What the exercise asks: The records follow. Transcribe only the lines from the line containing "IgE 수치가 높으면 알러지를 의심해볼 수 있는 소견입니다." through the end, both ends included, and leave out the pictures.

(Stored dataset items)
=== Section Start ===
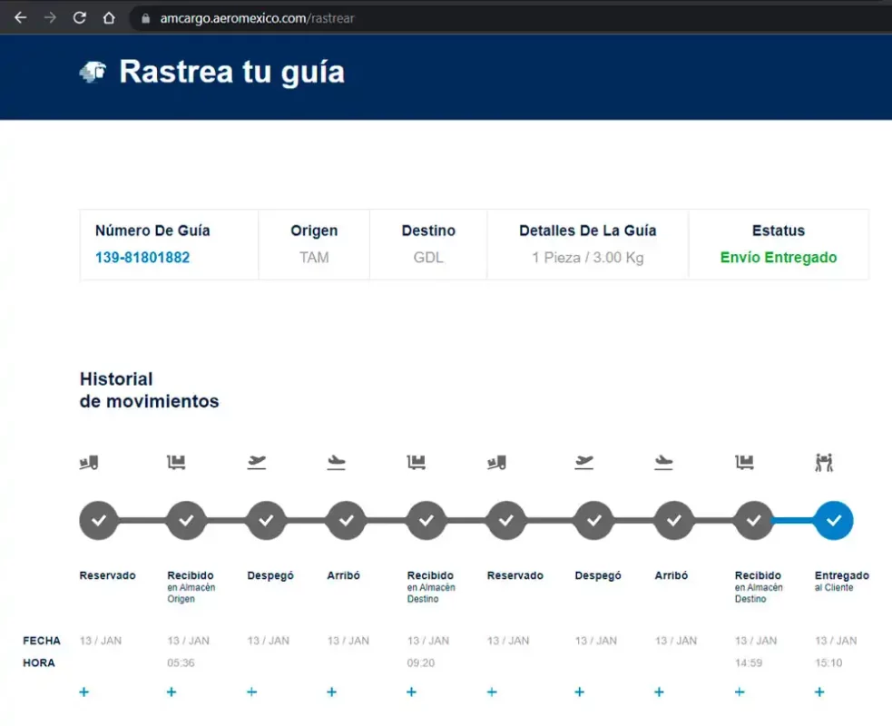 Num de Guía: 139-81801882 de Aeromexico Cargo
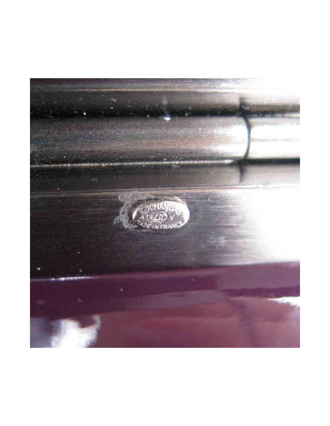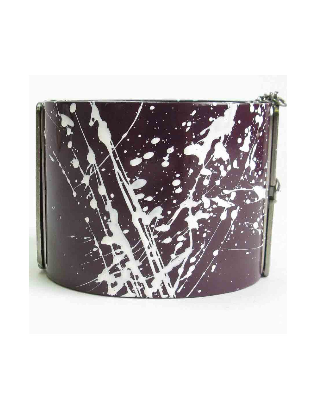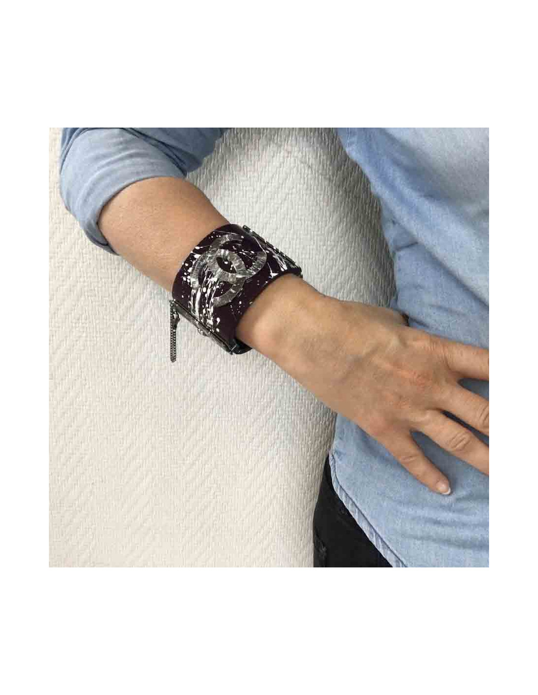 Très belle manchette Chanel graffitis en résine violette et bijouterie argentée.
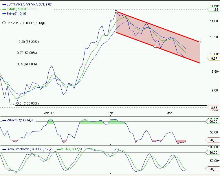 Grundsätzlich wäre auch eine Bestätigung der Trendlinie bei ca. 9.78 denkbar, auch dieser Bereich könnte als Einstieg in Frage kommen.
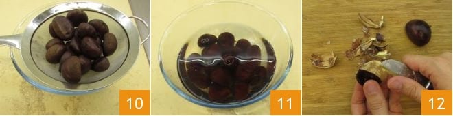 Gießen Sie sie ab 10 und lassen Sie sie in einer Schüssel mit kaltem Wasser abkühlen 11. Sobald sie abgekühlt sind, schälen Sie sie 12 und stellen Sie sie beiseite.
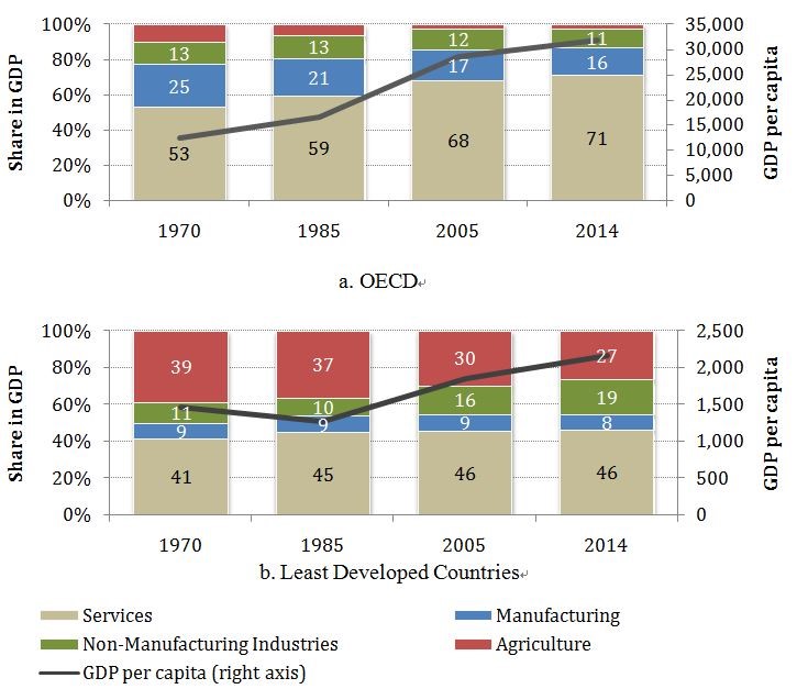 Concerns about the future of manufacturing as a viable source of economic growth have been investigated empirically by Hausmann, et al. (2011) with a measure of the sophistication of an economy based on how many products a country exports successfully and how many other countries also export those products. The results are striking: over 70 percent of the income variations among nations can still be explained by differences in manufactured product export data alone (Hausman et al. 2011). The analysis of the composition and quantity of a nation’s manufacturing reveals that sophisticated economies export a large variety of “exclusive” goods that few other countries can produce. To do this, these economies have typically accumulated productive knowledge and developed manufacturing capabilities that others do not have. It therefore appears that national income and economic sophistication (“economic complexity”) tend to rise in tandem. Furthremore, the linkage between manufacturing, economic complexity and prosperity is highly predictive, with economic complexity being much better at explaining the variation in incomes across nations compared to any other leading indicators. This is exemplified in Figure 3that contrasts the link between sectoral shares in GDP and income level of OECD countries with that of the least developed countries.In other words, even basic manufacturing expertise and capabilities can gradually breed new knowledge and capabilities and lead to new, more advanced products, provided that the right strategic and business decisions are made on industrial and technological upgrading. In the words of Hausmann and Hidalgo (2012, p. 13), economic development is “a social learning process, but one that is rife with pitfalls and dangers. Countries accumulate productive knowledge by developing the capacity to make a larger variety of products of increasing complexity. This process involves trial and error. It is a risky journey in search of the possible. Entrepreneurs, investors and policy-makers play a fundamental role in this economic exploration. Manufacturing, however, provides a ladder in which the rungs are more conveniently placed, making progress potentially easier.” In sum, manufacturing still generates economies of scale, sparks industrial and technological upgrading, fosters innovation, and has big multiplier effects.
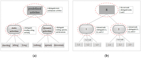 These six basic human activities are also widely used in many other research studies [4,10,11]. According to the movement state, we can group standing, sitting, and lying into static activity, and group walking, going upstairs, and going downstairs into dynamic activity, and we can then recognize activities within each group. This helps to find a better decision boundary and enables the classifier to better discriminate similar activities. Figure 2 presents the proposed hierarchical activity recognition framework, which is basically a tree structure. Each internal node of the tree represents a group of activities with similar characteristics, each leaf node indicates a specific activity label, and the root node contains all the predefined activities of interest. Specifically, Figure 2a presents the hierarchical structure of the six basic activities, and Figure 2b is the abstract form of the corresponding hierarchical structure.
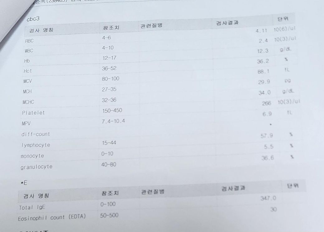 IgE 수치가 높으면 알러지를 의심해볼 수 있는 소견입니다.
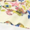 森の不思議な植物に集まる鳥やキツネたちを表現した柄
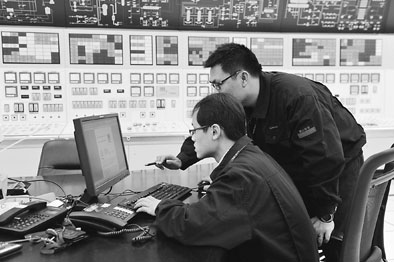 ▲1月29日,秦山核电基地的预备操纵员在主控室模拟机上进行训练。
=== Section End ===
Answer to the exercise:
 IgE 수치가 높으면 알러지를 의심해볼 수 있는 소견입니다.
 森の不思議な植物に集まる鳥やキツネたちを表現した柄
 ▲1月29日,秦山核电基地的预备操纵员在主控室模拟机上进行训练。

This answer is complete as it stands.